Problem to work on — The full listing should be written out verbatim, and its images should be dropped.

BEGIN

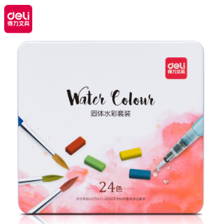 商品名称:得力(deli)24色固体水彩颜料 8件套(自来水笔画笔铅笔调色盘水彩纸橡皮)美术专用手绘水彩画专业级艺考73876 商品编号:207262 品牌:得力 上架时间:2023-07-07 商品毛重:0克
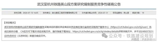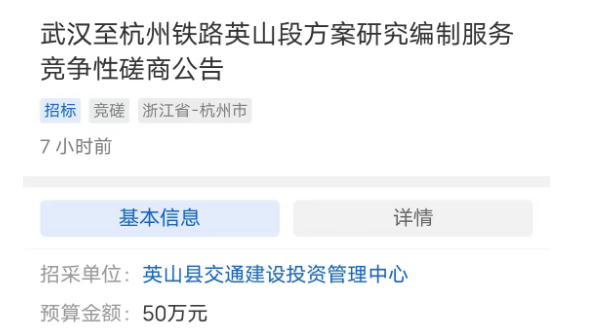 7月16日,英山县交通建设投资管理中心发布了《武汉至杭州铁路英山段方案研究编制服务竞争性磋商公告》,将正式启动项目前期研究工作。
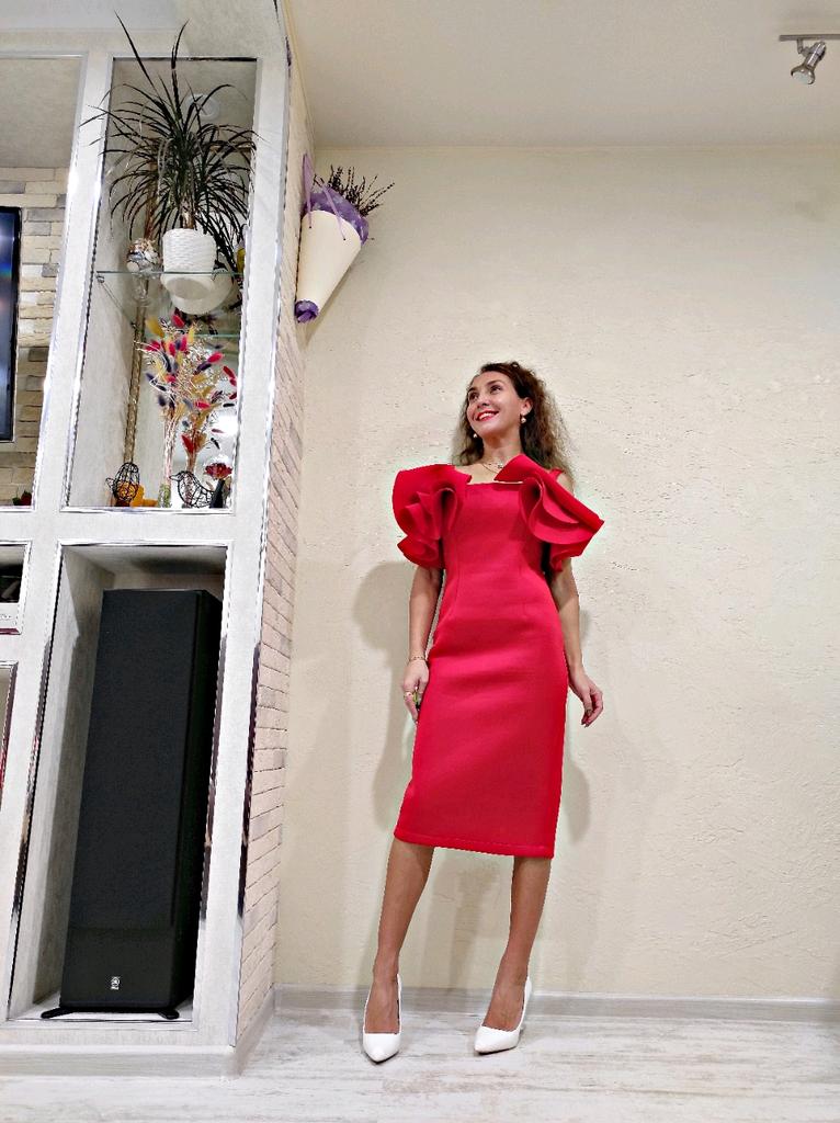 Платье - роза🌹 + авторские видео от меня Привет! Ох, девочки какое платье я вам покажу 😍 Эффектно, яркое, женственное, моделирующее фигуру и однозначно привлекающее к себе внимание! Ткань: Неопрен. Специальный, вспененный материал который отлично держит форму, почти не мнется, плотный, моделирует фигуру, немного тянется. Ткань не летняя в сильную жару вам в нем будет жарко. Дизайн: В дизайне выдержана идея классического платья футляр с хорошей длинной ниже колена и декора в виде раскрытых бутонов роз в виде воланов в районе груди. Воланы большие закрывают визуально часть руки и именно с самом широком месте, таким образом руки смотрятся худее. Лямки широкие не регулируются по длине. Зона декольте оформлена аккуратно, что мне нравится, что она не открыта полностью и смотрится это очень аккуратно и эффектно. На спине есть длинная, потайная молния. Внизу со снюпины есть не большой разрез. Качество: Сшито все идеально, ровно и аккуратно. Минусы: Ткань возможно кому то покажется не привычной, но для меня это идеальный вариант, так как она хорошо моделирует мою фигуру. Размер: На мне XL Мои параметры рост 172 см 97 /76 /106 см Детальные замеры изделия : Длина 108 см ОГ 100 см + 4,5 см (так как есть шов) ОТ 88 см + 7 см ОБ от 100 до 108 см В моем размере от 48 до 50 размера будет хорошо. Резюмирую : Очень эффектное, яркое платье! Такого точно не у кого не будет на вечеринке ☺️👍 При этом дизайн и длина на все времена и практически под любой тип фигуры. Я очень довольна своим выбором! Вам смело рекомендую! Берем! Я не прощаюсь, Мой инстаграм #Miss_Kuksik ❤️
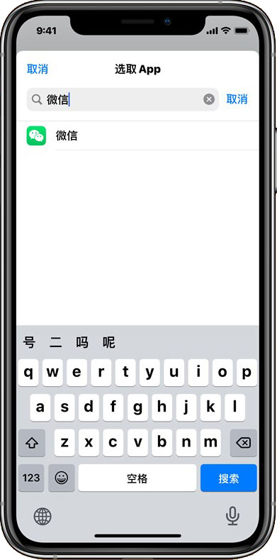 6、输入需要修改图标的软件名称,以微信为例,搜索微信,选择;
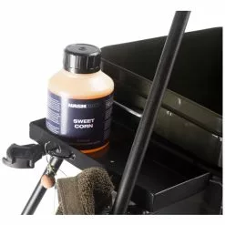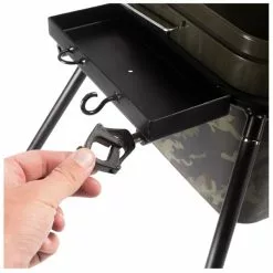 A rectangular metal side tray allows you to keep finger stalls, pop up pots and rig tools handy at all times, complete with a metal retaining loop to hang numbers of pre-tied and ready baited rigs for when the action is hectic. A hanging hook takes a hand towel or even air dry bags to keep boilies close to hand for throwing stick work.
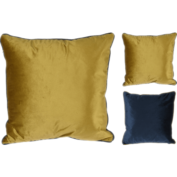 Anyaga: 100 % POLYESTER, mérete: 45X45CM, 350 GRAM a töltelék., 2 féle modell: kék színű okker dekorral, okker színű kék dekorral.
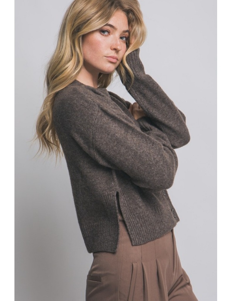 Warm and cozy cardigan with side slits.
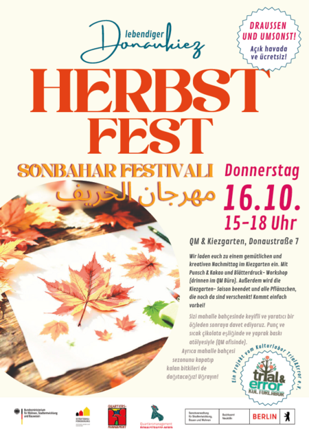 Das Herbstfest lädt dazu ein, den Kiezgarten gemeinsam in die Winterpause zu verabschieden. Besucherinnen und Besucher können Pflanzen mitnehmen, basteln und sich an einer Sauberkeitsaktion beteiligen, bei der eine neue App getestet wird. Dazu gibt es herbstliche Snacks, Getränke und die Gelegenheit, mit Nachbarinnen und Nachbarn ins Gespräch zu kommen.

END

Solution for this problem —
 商品名称:得力(deli)24色固体水彩颜料 8件套(自来水笔画笔铅笔调色盘水彩纸橡皮)美术专用手绘水彩画专业级艺考73876 商品编号:207262 品牌:得力 上架时间:2023-07-07 商品毛重:0克
 7月16日,英山县交通建设投资管理中心发布了《武汉至杭州铁路英山段方案研究编制服务竞争性磋商公告》,将正式启动项目前期研究工作。
 Платье - роза🌹 + авторские видео от меня Привет! Ох, девочки какое платье я вам покажу 😍 Эффектно, яркое, женственное, моделирующее фигуру и однозначно привлекающее к себе внимание! Ткань: Неопрен. Специальный, вспененный материал который отлично держит форму, почти не мнется, плотный, моделирует фигуру, немного тянется. Ткань не летняя в сильную жару вам в нем будет жарко. Дизайн: В дизайне выдержана идея классического платья футляр с хорошей длинной ниже колена и декора в виде раскрытых бутонов роз в виде воланов в районе груди. Воланы большие закрывают визуально часть руки и именно с самом широком месте, таким образом руки смотрятся худее. Лямки широкие не регулируются по длине. Зона декольте оформлена аккуратно, что мне нравится, что она не открыта полностью и смотрится это очень аккуратно и эффектно. На спине есть длинная, потайная молния. Внизу со снюпины есть не большой разрез. Качество: Сшито все идеально, ровно и аккуратно. Минусы: Ткань возможно кому то покажется не привычной, но для меня это идеальный вариант, так как она хорошо моделирует мою фигуру. Размер: На мне XL Мои параметры рост 172 см 97 /76 /106 см Детальные замеры изделия : Длина 108 см ОГ 100 см + 4,5 см (так как есть шов) ОТ 88 см + 7 см ОБ от 100 до 108 см В моем размере от 48 до 50 размера будет хорошо. Резюмирую : Очень эффектное, яркое платье! Такого точно не у кого не будет на вечеринке ☺️👍 При этом дизайн и длина на все времена и практически под любой тип фигуры. Я очень довольна своим выбором! Вам смело рекомендую! Берем! Я не прощаюсь, Мой инстаграм #Miss_Kuksik ❤️
 6、输入需要修改图标的软件名称,以微信为例,搜索微信,选择;
 A rectangular metal side tray allows you to keep finger stalls, pop up pots and rig tools handy at all times, complete with a metal retaining loop to hang numbers of pre-tied and ready baited rigs for when the action is hectic. A hanging hook takes a hand towel or even air dry bags to keep boilies close to hand for throwing stick work.
 Anyaga: 100 % POLYESTER, mérete: 45X45CM, 350 GRAM a töltelék., 2 féle modell: kék színű okker dekorral, okker színű kék dekorral.
 Warm and cozy cardigan with side slits.
 Das Herbstfest lädt dazu ein, den Kiezgarten gemeinsam in die Winterpause zu verabschieden. Besucherinnen und Besucher können Pflanzen mitnehmen, basteln und sich an einer Sauberkeitsaktion beteiligen, bei der eine neue App getestet wird. Dazu gibt es herbstliche Snacks, Getränke und die Gelegenheit, mit Nachbarinnen und Nachbarn ins Gespräch zu kommen.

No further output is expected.